Edward Reading said:


> No it wasn't on.


That's awesome the Auto Emergency Braking kicked in without AutoPilot ON. So good to know. Thanks for sharing a real life situation.


----------



## $ Trillion Musk (Nov 5, 2016)

Do you need to purchase Autopilot software in order to get Auto Emergency Braking or does AEB come standard?


----------



## HappyDad (Jul 14, 2018)

$ Trillion Musk said:


> Do you need to purchase Autopilot software in order to get Auto Emergency Braking or does AEB come standard?


AEB is standard. How AEB behaves and kicks whether EAP is purchased or not was fuzzy for me.


----------



## justflie (May 9, 2018)

Wow, that’s amazing. Glad everyone is ok. The line Tesla has drawn is that the safety features are included without EAP. EAP/FSD are the “convenience” features, although one could certainly argue they’re at least indirect safety features.


----------



## Gary Macdonald (Apr 20, 2016)

I wondered about that, too. I recently had a tractor trailer combo change lanes on me. The warning sound came on, the brakes applied and the car moved sideways to avoid. I wasn’t sure if it was me being such a good driver or the car doing it.


----------



## Edward Reading (Jun 26, 2017)

Gary Macdonald said:


> I wondered about that, too. I recently had a tractor trailer combo change lanes on me. The warning sound came on, the brakes applied and the car moved sideways to avoid. I wasn't sure if it was me being such a good driver or the car doing it.

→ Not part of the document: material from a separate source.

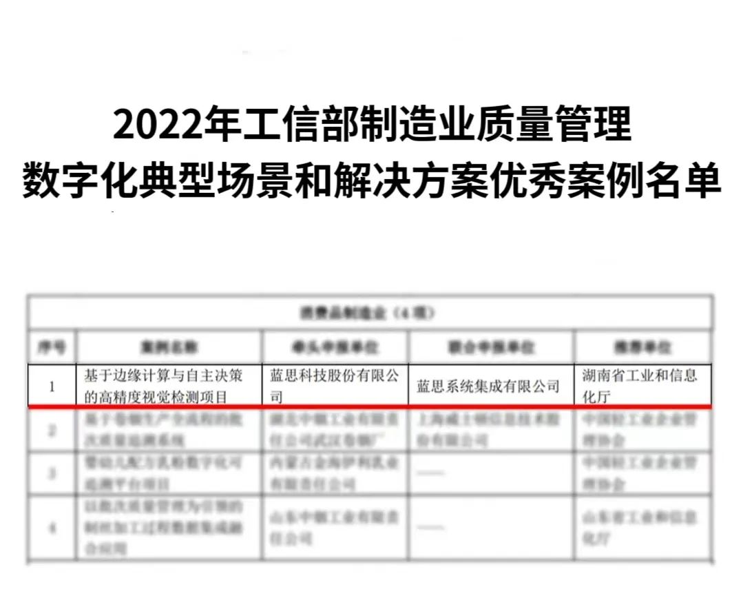 近日,湖南省工信厅发布2022年十大湖南省制造业数字化转型典型应用场景名单,蓝思科技集团申报的“基于边缘计算与自主决策的高精度智能视觉检测”项目荣誉上榜。

That is how it felt to me also. The brakes were applied slightly before I applied them, and just enough to avoid the collision.


----------



## batzman (May 31, 2018)

Edward Reading said:


> That is how it felt to me also. The brakes were applied slightly before I applied them, and just enough to avoid the collision.


That is interesting I wonder what the timing was between your accident and mine. I didn't notice my 3 assist in my front end collision.


----------